> [PROMPT]:
Without the pictures, write out all the lines below exactly as they appear.

> [GIVEN INFORMATION]:
━━━
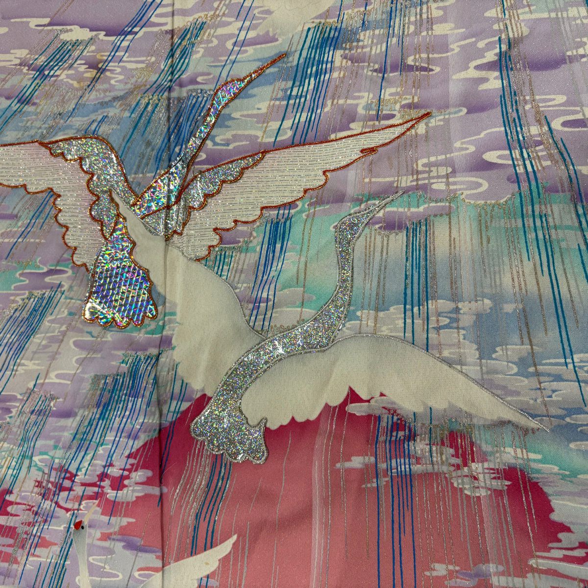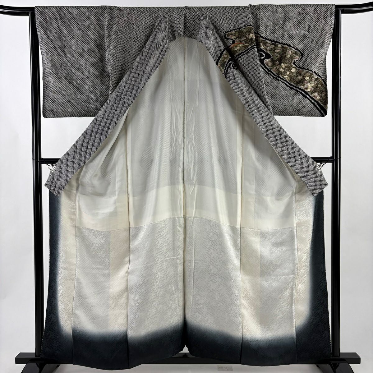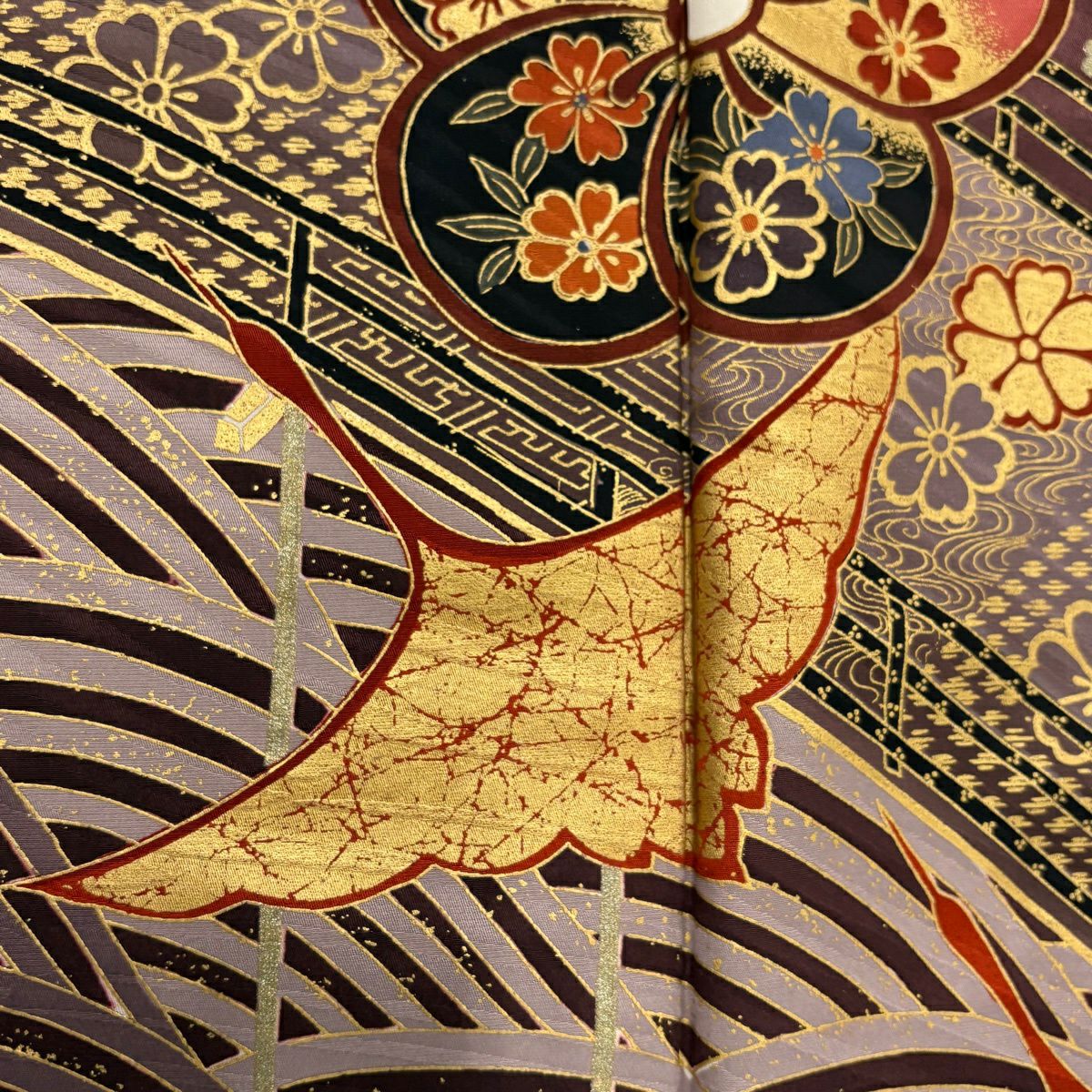 50%OFF 色留袖 身丈153cm 裄丈63cm S 袷 落款あり カルタ 鶴 金彩 灰紫 正絹 秀品 K50
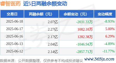 本站消息,6月18日宝聚荣配资,睿智医药(300149)融资买入5839.09万元,融资偿还7869.83万元,融资净卖出2030.74万元,融资余额2.07亿元,近20个交易日中有12个交易日出现融资净买入。
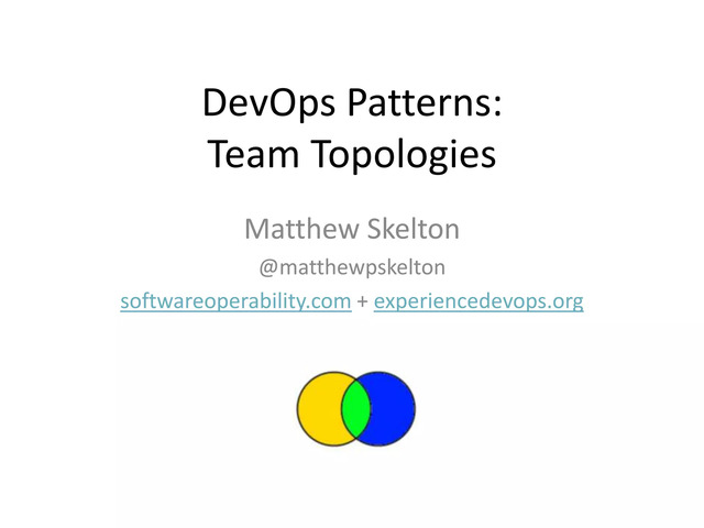 Update: see newer patterns at http://devopstopologies.com/ and the book Team Topologies at https://teamtopologies.com/book
━━━
> [RESPONSE BOX]:
 50%OFF 色留袖 身丈153cm 裄丈63cm S 袷 落款あり カルタ 鶴 金彩 灰紫 正絹 秀品 K50
 本站消息,6月18日宝聚荣配资,睿智医药(300149)融资买入5839.09万元,融资偿还7869.83万元,融资净卖出2030.74万元,融资余额2.07亿元,近20个交易日中有12个交易日出现融资净买入。
 Update: see newer patterns at http://devopstopologies.com/ and the book Team Topologies at https://teamtopologies.com/book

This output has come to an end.